With the help of one Yale alum, a ’90s historical comic book series is gaining a new, educational edge.

Thomas Beasley GRD ’09 said in a Tuesday talk at Sterling Memorial Library that he hopes to put a modern twist on the study of ancient Greek history with the publication of a reader’s guide to a comic book series about the Trojan War, “Age of Bronze.”

The digital media publisher Throwaway Horse is currently adapting creator Eric Shanower’s 31-issue comic series into a digital format. In reconfiguring the comic, Throwaway Horse brought in Beasley, a classics scholar, to write an embedded page-by-page reader’s guide for each issue, which acts as a didactic extension of the comics describing the Greek mythological figures referenced in the material and providing historical context for each story. Since the project’s inception in October 2011, three issues of the newly digitized comic have been made available for the iPad.

Beasley said that the comic series could be useful in academic settings, as the series seeks to represent the full length of the 10-year-long Trojan War and not just the last few years covered in the epics of Homer.

“While the books are not well-known in the academic community yet,” said Beasley. “They would be ideal for a class on the Trojan war because they are less anachronistic than [the works of] Homer.”

The guide is intended as an academic jumping-off point for those whose curiosity about Greek history and mythology is piqued by the comics, Beasley said the guide is intended as an academic jumping-off point for a reader whose curiosity about Greek history and mythology may be aroused by the comics. The guide is also equipped with a discussion forum, Beasley said, to enable readers to engage in conversations about the material.

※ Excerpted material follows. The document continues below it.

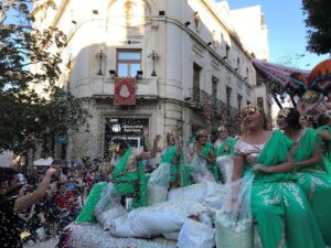 Kilos y kilos de confeti han ido cubriendo las calles de Borriana y de forma especial la plaça de El Pla, que pocas horas antes había sido completamente adecuada para la celebración de la Batalla de Flors, con la retirada tanto de los cadafales como de la arena y las infraestructuras del recinto taurino por parte de los operarios de Vía Pública. Tras una primera vuelta al Pla donde tanto el público como las autoridades han podido observar de cerca el trabajo de las comisiones falleras en la elaboración de las carrozas, el jurado ha podido sopesar e intercambiar opiniones para acabar eligiendo el trabajo de la Falla Barri València como ganador, revalidando así el premio conseguido el pasado año. El segundo premio ha sido para la Falla Societat Sant Josep, seguida del Club 53 que ha completado el podio. A continuación, la Sociedad Centro España ha sido cuarta, la Falla Don Bosco quinta, y La Bosca, Plaça Chicharro y Societat de Caçadors han completado la lista de carrozas premiadas.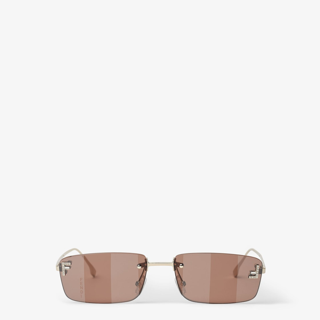 Rectangular Fendi First Crystal eyeglasses with a rimless structure in gold-colored metal. Rust-color lenses with Pequin motif and micro F in crystals. Adjustable nose pads. Made in Italy Composition: 100% metal Product Code: FOL117V1TF1RVP Product Care: Wash your eyeglasses every day with warm water and a pH-neutral soap.Do not use alcohol, aggressive chemical products or disinfectant wipes and do not dry them with paper or other cloths that could scratch them or leave streaks.Dry with a clean microfiber cloth.After use, always keep your eyeglasses in their case.

The guide includes biographies of key characters, as well as maps of the region and descriptions of Bronze Age paintings and pottery that inspired the comic’s style.

But the series and the guide are not meant to substitute for Homer’s works, Beasley noted.

“It doesn’t seek to replace any of the texts from which it draws,” Beasley said. “I certainly wouldn’t recommend reading it instead of reading the works of Homer.”

Audience members interviewed said they appreciated Beasley’s attempt to make the classics more easily accessible to a broader audience.

“It has a wide range,” said Lindsay King, a librarian at the Robert B. Haas Family Arts Library. “You could use it just for fun or you could use it for some really serious investigations.”

Caroline Caizzi, King’s colleague at the Haas Arts Library, said that while many would typically associate the Classics Department with a traditional teaching style, she appreciated the unconventionality and visual nature of comics as a medium for education.

Beasley’s talk is a part of the Teaching with Technology lecture series held in the International Room of Sterling Memorial Library every Tuesday.